Hanover nodded. “We let it sit for forty-eight hours. Then, after it’s distilled, which happens here...” Hanover gestured to another group of tanks, “... the alcohol is separated from the solids. At that point, it’s ethanol. One-hundred-nintey proof.”
Mac whistled. I visualized vats of Jim Beam and Johnnie Walker, and wondered whether they had any place in the video.
“The alcohol is siphoned out the top while the stillage goes out through the bottom for further processing. Then the alcohol mix is dehydrated, where it becomes two-hundred proof ethanol,” Hanover turned to Mac. “That’ll do some damage, won’t it?” He chortled. “Make you as stiff as a board.”
Mac pasted on a smile.
I checked my watch. Hanover had been talking for half an hour. I didn’t know how much more I could take. As we walked, his hand touched the small of my back. I recoiled, but he didn’t seem to notice.
“The finished product—ethanol—is ultimately transported in tank cars to processors that mix it with gasoline,” he said cheerfully. “Today we’re processing corn, but tomorrow, who knows? Our scientists are working on other grains and prairie grass. Even garbage.”
How had Hanover ended up a tour guide flunky? He had to be pushing fifty, a little old for PR. Was he a ne’er do well son-in-law or nephew? The guy they couldn’t fire? Maybe they couldn’t find any other place for him.
He prattled on about state-of-the-art vats and silos while we walked back to the office. He introduced us to the plant manager, a taciturn man with a bulbous nose and gray stubble, who answered my questions in monosyllables. Hanover seemed to realize the guy might not be a great interview and offered to do it himself.
“We can decide that later,” I said, trying to be politic.

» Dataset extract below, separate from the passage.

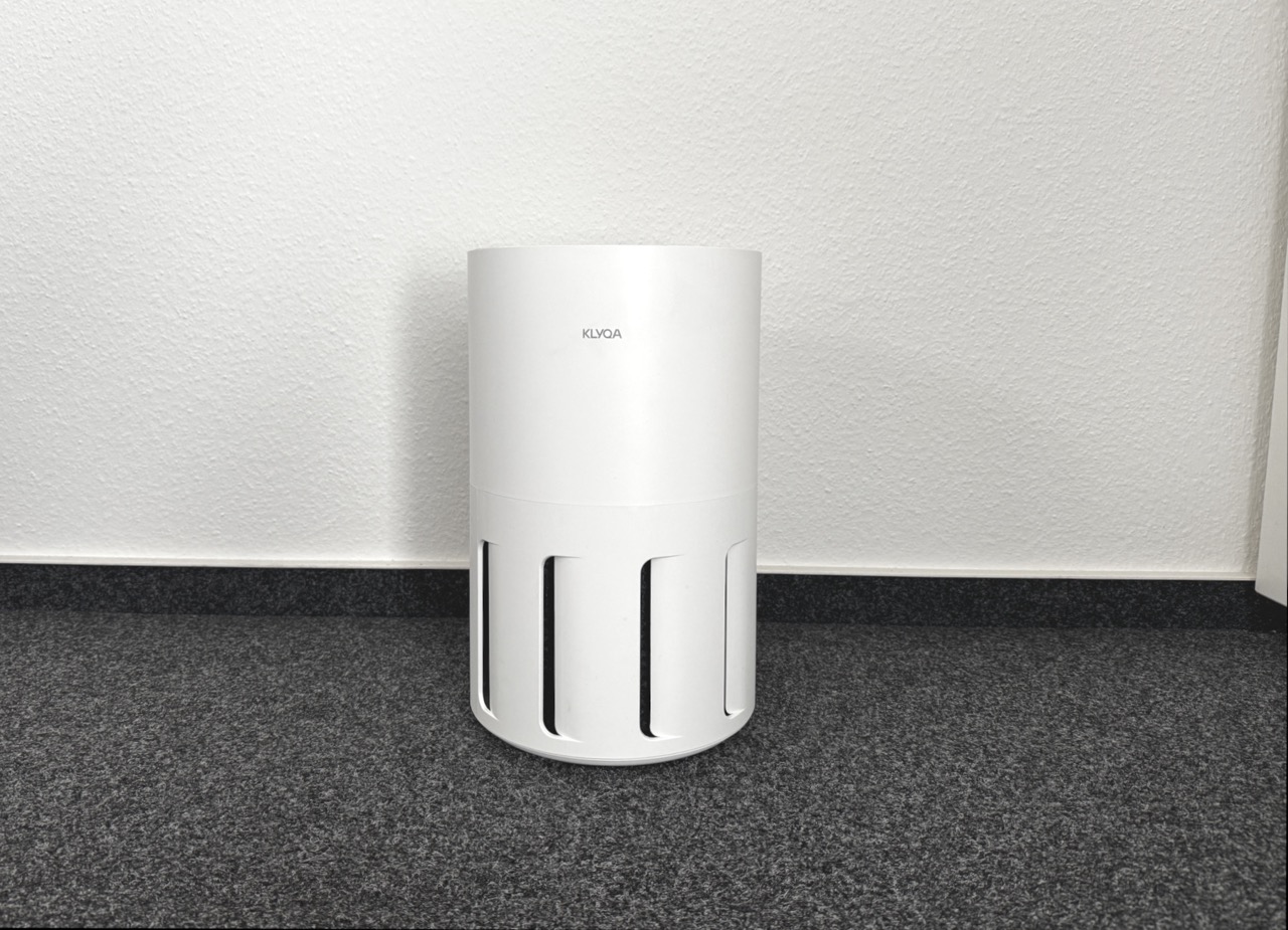 Die vom Hersteller empfohlene Raumgröße beträgt 78 Quadratmeter. In unserem 70 Quadratmeter großen Büroraum gelingt es dem Klyqa problemlos, die Luft dauerhaft sauber zu halten. Auch Allergikerinnen und Allergiker bestätigen eine spürbare Verbesserung der Luftqualität. Tierhaare, wie etwa von Hunden, filtert das Gerät ebenfalls zuverlässig aus der Luft.

“Anything I can do, just ask.” Hanover rubbed his hands together again. “Well, I just don’t know when I’ve had a better time on a tour. You are certainly the most charming thing that’s been around here for a while.”

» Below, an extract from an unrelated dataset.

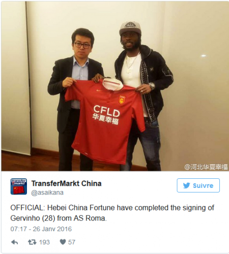 Gervinho (28 ans) va bien poursuivre sa carrière en Chine, après deux saisons et demie passées à l'AS Rome. L'attaquant international ivoirien s'est engagé ce mardi pour trois saisons avec le club de Heibi China Fortune FC. Le transfert serait de l'ordre de 18 millions d'euros.

“Oh, I bet you say that to all the girls.”
• • •
A few minutes later we were driving gratefully back upstate through tiny towns like Funks Grove and Shirley. We’d skipped lunch, and both of us were famished, so we stopped at a place whose outdoor sign advertised “home cooking.” The menu was on a board above the counter; it featured sandwiches on one side, hot meals on the other, and a Pepsi logo in the middle. Mac went for the pork chops. A tired-looking woman told him it would take ten minutes. Mac said he’d wait and smiled. She smiled back, but when I ordered a tuna sandwich, her smile faded and she pursed her lips. Did I insult her by not ordering a hot meal? Or was she just flirting with Mac?
“I’ll probably need to bring in some extra crew to handle the lighting, you know,” Mac said as we sat at a small, grimy table.
“Why can’t we just go with available light? Everything at the plant sparkles.”